Stäbe flehen kreuze Arme
Schrift zagt blasses Unbekannt
Blumen frechen
Staube schüchtern.
Flimmer
Tränet
Glast
Vergessen.
[96]

Kampfflur

Glotzenschrecke Augen brocken wühles Feld
Auf und nieder
Nieder auf
Brandet
Sonne
Steinet Sonne
Und
Verbrandet.
[97]

Angststurm

Grausen
Ich und Ich und Ich und Ich
Grausen Brausen Rauschen Grausen
Träumen Splittern Branden Blenden
Sterneblenden Brausen Grausen
Rauschen
Grausen
Ich.
[98]

Wache

Das Turmkreuz schrickt ein Stern
Der Gaul schnappt Rauch
Eisen klirrt verschlafen
Nebel streichen
Schauer
Starren Frösteln
Frösteln
Streicheln
Raunen
Du!

Notes
Wenige Wochen vor seinem Tode äußerte Stramm in einem Brief an seinen Verleger Herwarth Walden die Absicht, seine Gedichte aus der Kriegszeit zu sammeln und ihnen den Titel »Tropfblut« zu geben.

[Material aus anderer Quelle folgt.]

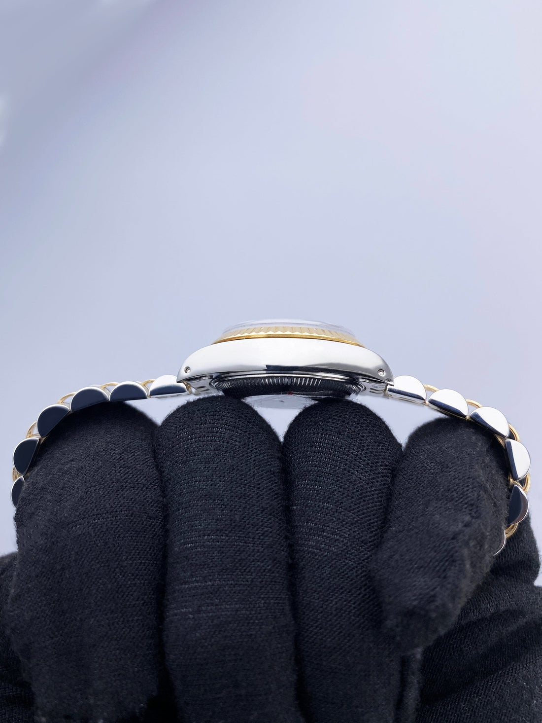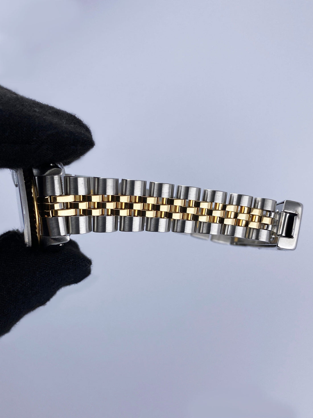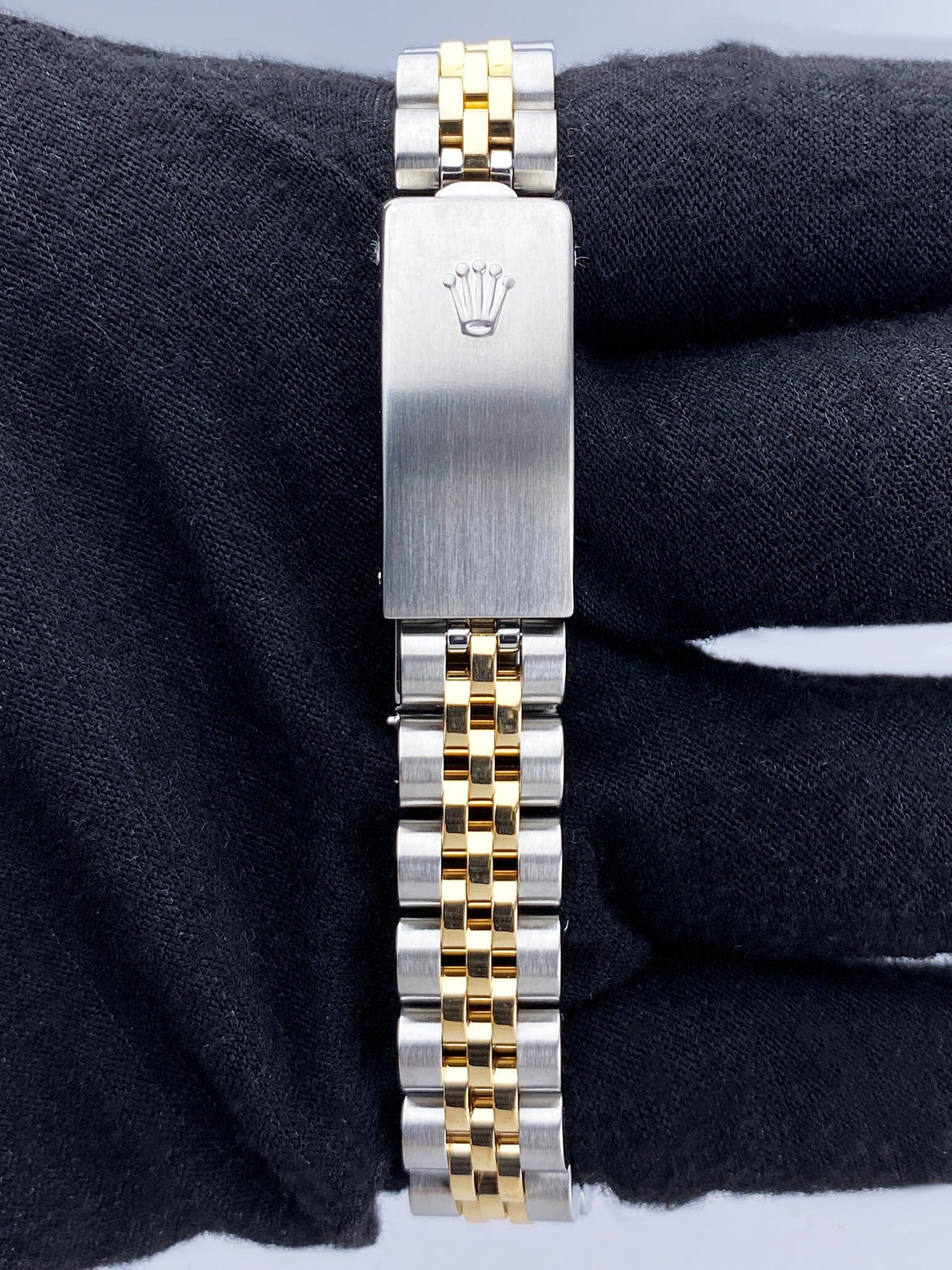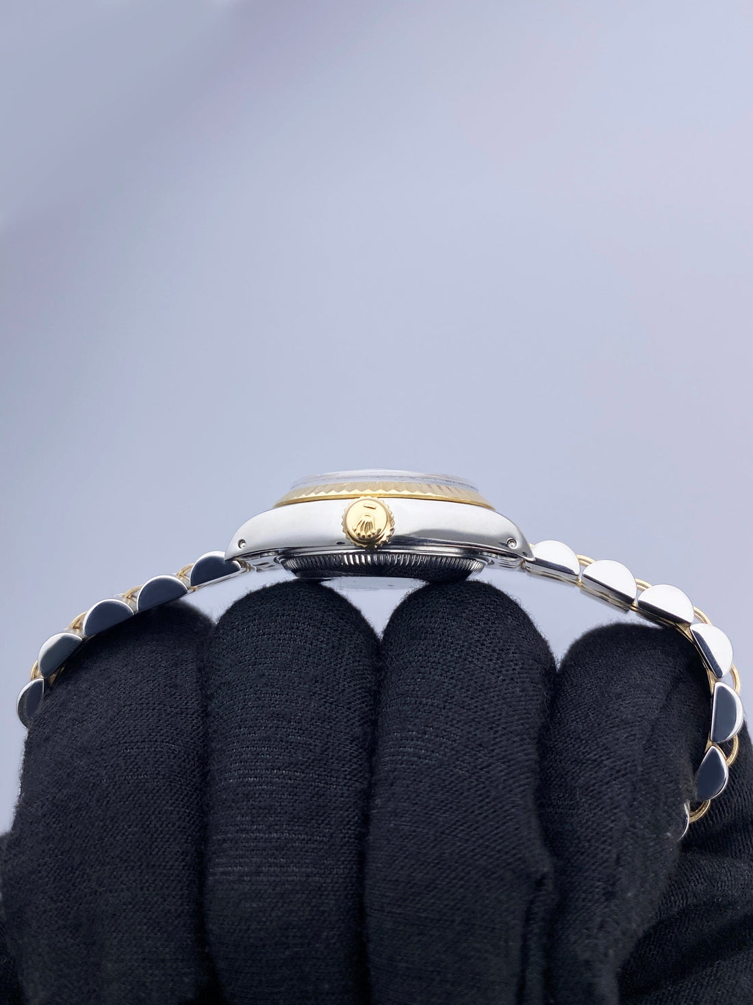 Rolex Datejust 69173 Ladies Watch. 26mm stainless steel case with 18K yellow gold fluted bezel. Blue Anniversary dial with gold hands and Arabic numeral hour markers. The date is displayed at the 3 o'clock position. Stainless steel & 18K yellow gold Jubilee bracelet with a fold-over clasp. Will fit up to a 6-inch wrist. Sapphire crystal. Stainless steel case back. Automatic self-winding chronometer movement. This watch comes with the original Box and Papers.

Walden nutzte diesen Titel dann jedoch für eine Nachlaßausgabe, die nach anderen Kriterien zusammengestellt wurde. – Hier sind, dem ursprünglichen Plan folgend, unter dem Titel »Tropfblut« die zwischen November 1914 und April 1915 entstandenen Gedichte in der Reihenfolge, in der sie 1915 in Waldens Zeitschrift »Der Sturm« erschienen sind, versammelt.